Sunday, April 12, 2026

The magical economic thinking at the center of the 1996 Telecom Act: Why Al Gore’s Information Superhighway wasn’t built

The Telecommunications Act of 1996 is now 30 years old, and there has been a lot of events, hearings and webinars, including a congressional hearing, an FCC series of panels, Public Knowledge, Benton Foundation, TPI, Brookings, Broadband Breakfast, and a few others, all easily findable on the web.

The Act was supposed to open the wired networks to direct competition, that would lower prices and bring in new and innovative services that would be available via a new fiber optic wire to the home and business. And it would be delivered to everyone, equally, as this Act was an update of the original Communications Act of 1934.

https://kushnickbruce.medium.com/telecom-act-is-30-500-billion-overcharging-the-digital-divide-and-delete3-by-fcc-chairman-carr-e50d0ab5940f

With these words, Bruce Kushnick, a longtime critic of U.S. telecom policy, sums up the flawed magical thinking that made the envisioned future state immediately preceding this regulatory overhaul impossible to attain. As Kushnick describes it:

Starting in the 1990’s, a few years before the Telecom Act, America was promised a new shiny fiber optic future. Seven holding companies had been created in 1984 and given control over the existing state telecommunications public utilities, which were based on copper wire.

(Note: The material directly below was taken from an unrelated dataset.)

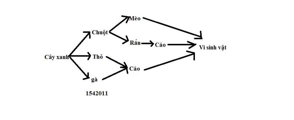 cho các sinh vật ở trong quần xã như sau : cây xanh , chuột , mèo , gà , cáo , thỏ rắn , vi khuẩn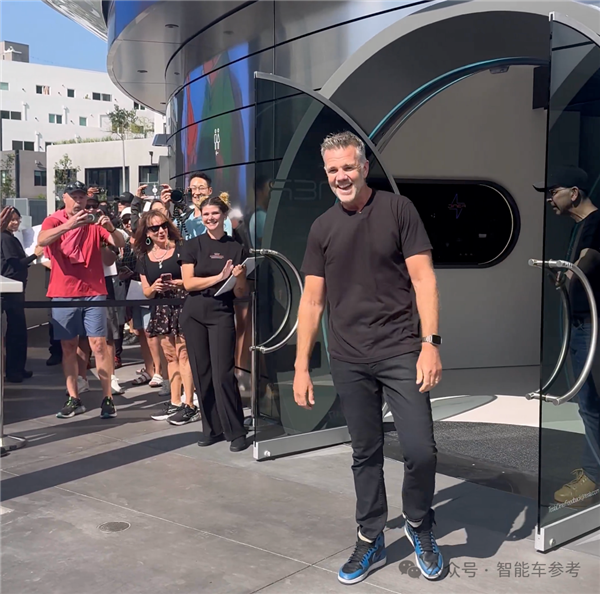 开业当天,马斯克派出设计总监Franz von Holzhausen(图最右)剪彩。可以看到好多人都在等着入内。

And in 1992, Vice President Al Gore laid out the ‘Information Superhighway’, a fiber replacement of this existing copper wires.
The root cause is negligent policymaking. A dispassionate economic assessment would have determined advanced telecommunications like basic telecommunications before it that ran on copper networks providing analog voice telephone service functions as a natural monopoly like other utilities.

As such, facilities-based market competition would be highly unlikely to appear since the barriers to competitor entry against established incumbents would be too high and the future return on investment too distant.

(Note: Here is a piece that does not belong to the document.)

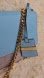 This stylish clutch features a sophisticated blue and gray design, complemented by a luxurious gold strap.

As AT&T explained, the cost of modernizing the copper cable distribution network to fiber to the premise infrastructure is enormous. Its shareholders or investors and creditors and those of any other privately held company would be unable to bear them. Consequently, as Kushnick’s analysis alludes, multiple state level plans by the RBOCs to replace the copper with fiber were abandoned. The economics would not pencil out.

That reality would have been reasonably if not painfully obvious for any serious policymaking effort in the early 1990s, calling for a different approach: the one not chosen.

The seven holding companies to which Kushnick refers are the Regional Bell Operating Companies (RBOCs) formed out of the 1984 settlement of the federal government’s antitrust prosecution of AT&T in the 1970s. Had the proper policy been put in place, they could have formed the structural framework for Al Gore’s Information Superhighway that could have reached most every American doorstep by 2010.

How would it work? By creating a federal-private partnership with the RBOCs. The federal government would form a telecom authority that would take a majority stake in each of the RBOCs with an option for the RBOCs to negotiate a purchase of those stakes once universal fiber is built out in their respective regions as determined by a federal review.

This policy would have avoided decades of “broadband” battles at all levels of government over a constantly changing definition of broadband, where is available and at what price. And decades of unproductive protectionist lobbying by incumbent telephone and cable companies to stymie publicly owned and operated fiber delivery infrastructure despite its lower cost structure.